Bacharel pela Faculdade Livre de Direito do Rio de Janeiro (1905), Oliveira Vianna assumiu o cargo de Consultor Jurídico do Ministério do Trabalho, Indústria e Comércio em 1932, integrou a Comissão de notáveis que redigiu o anteprojeto da Constituição de 1934, sendo eleito para a Academia Brasileira de Letras em 1937. Naquele cargo ele sucedeu a Evaristo de Moraes, que renunciou, com Lindolfo Collor, quando este, em março de 1932, deixou o Ministério que ajudara a criar e exilou-se no exterior.

No exercício dessa Consultoria, Oliveira Vianna teve a oportunidade de tornar efetivas algumas das suas ideias, tendo sido, sem sombra de dúvida, o mentor da atividade jurídica e legislativa dessa Secretaria do Estado até sua nomeação, em 1940, para Ministro do Tribunal de Contas da União.

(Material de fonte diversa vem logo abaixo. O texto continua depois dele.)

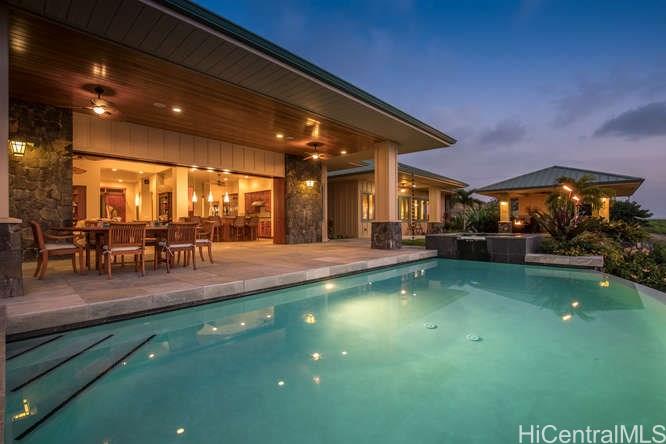 新築、この 3 bedrtoom、Hokuli’a コミュニティの場を見下ろす 3 フルと 2 の半分の浴室ホーム自慢海の壮大なパノラマ ビュー。 1.34 エーカーの敷地に位置しています、静かな cul デ嚢内部の正方形長さの約 3,940 とに位置しています。 アーチ型の 11 フィートの天井中央のリビング エリアで、家庭内では、lania 1200 平方フィート以上に拡大オープン豪華な感じを追加します。 インフィニティ エッジ プールは、太平洋のオーシャン ビューに流出し、戸建のプールの家には、屋外バーベキュー、バー、プロパン火災機能、半分お風呂が組み込まれています。 家は、mahoghany キャビネット、縦の穀物 fir トリム ・花崗岩のカウンター トップなど音質の詳細の仕上げです。 Hokuli’a のジャック ・ ニクラウス ゴルフ コースは、フアラライ山の斜面に広がっています。

Ele deixou a marca da sua inteligência em todos os decretos legislativos, leis e decretos-leis que dispuseram sobre o Direito do Trabalho e a Previdência Social, sendo que, nos últimos doze meses, repartiu essa influência com Luiz Augusto do Rego Monteiro, que dirigia o Departamento Nacional do Trabalho.

As fontes materiais das referidas normas legais, produzidas pelo Ministério criado por Getúlio Vargas logo após a vitória da Revolução de 1930, foram, no atinente às relações individuais do trabalho, as convenções da Organização Internacional do Trabalho e a Encíclica Rerum Novarum. Já a legislação sobre organização sindical, decretada a partir de junho de 1939, adotou o sistema então vigente na Itália, cujo princípio fundamental era o monopólio da representação legal de todos os integrantes das categorias econômicas e profissionais pelos correspondentes sindicatos, agrupados em federações, as quais, por sua vez, deveriam compor uma confederação para cada ramo da economia.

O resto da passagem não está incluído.